Reach for that prolactin-rich calm that Wehr’s subjects called unlike anything they had ever known. But you will not enter it. You will reach for your phone instead. The screen will flood your retinas with blue light. Your brain will interpret the light as morning. Cortisol will spike. Anxiety will follow. You will lie there thinking something is wrong with you. That your brain is malfunctioning. That you need help.
And tomorrow you might see a doctor who writes a prescription. A prescription for a condition that a sixteenth century French physician would have called Tuesday night. Sleep was redesigned, and no one alive remembers the original. The language itself was part of the engineering. The phrase “first sleep” appears continuously in English from the 1300s through the early 1800s. Then, across a single century, it vanishes entirely.
By the 1920s, no one uses it anywhere in any language. A concept so universal it appears in Homer. A concept so ordinary that no writer in twelve languages ever paused to explain it. Scrubbed from common vocabulary in under a hundred years. When you delete a word, you delete the idea it carried with it. You cannot question a pattern you have no language to describe. You cannot demand back what you cannot name.
The erasure of biphasic sleep was not only physical, bending bodies to fit factory clocks. It was linguistic. They took the words. The memory followed. What if you are not broken? What if the thing that wakes you at two in the morning is not a chemical imbalance or a stress response? What if it is the oldest clock you own? Still ticking. Still keeping the time it was built to keep.
Despite two centuries of forced rewiring. Thomas Wehr watched ordinary people rediscover a state of consciousness that modern life had buried. He called it “a condition not terribly familiar to modern sleepers.” He said our ancestors would have considered it their birthright. A birthright. Not a privilege or a luxury. A basic feature of human consciousness.

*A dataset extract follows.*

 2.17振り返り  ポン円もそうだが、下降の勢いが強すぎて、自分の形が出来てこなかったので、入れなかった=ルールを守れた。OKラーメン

Available every night, free of charge, to every person who has ever lived. We traded it for factory whistles and alarm clocks. We traded it for gas lamps and shift schedules and the moral conviction that sleeping twice was lazy. And then, when our bodies kept trying to wake us at midnight anyway, we called it a disease.

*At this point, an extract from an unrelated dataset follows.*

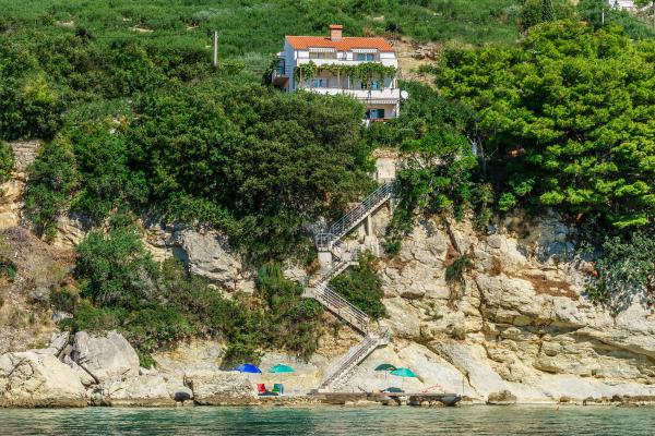 Dům s apartmány J, A se nachází v klidné části města Pisak. Postaven na útesu nad mořem, ve stínu staletých olivovníků. J, A. má svůj vlastní přístup k moři. a udržovány konkrétní bazén. 2 oblázková pláž je 3-4 minut chůze. Až do města je jen 5-6 minut chůze. Apartmány jsou vybaveny vším moderní host potřeba pro pohodlný pobyt. Uvnitř dvoře, hosté zahrnuje venkovní sprchu s teplou a studenou vodou a gril s dřevo a uhlí. Ke každému bytu náleží parkovací stání a byt je možné se podívat i na parkovišti. Náš dům hosté mohou vybrat, které příběhy prostě chtějí užít klid, krásný výhled na moře, na ostrově Brač, Makarské riviéře a malebných hor nad městem Pisak.

We built an eighty seven billion dollar apparatus to treat it. Replaced by a diagnosis. Monetized by an industry. Erased from the language that once made it speakable. Two thousand references in twelve languages sit in the public record right now. The evidence is not hidden.
It is published, cited, and reviewed by peers. The only thing missing is the question that an eighty seven billion dollar industry has no financial incentive to ask. What if we were sleeping correctly the entire time?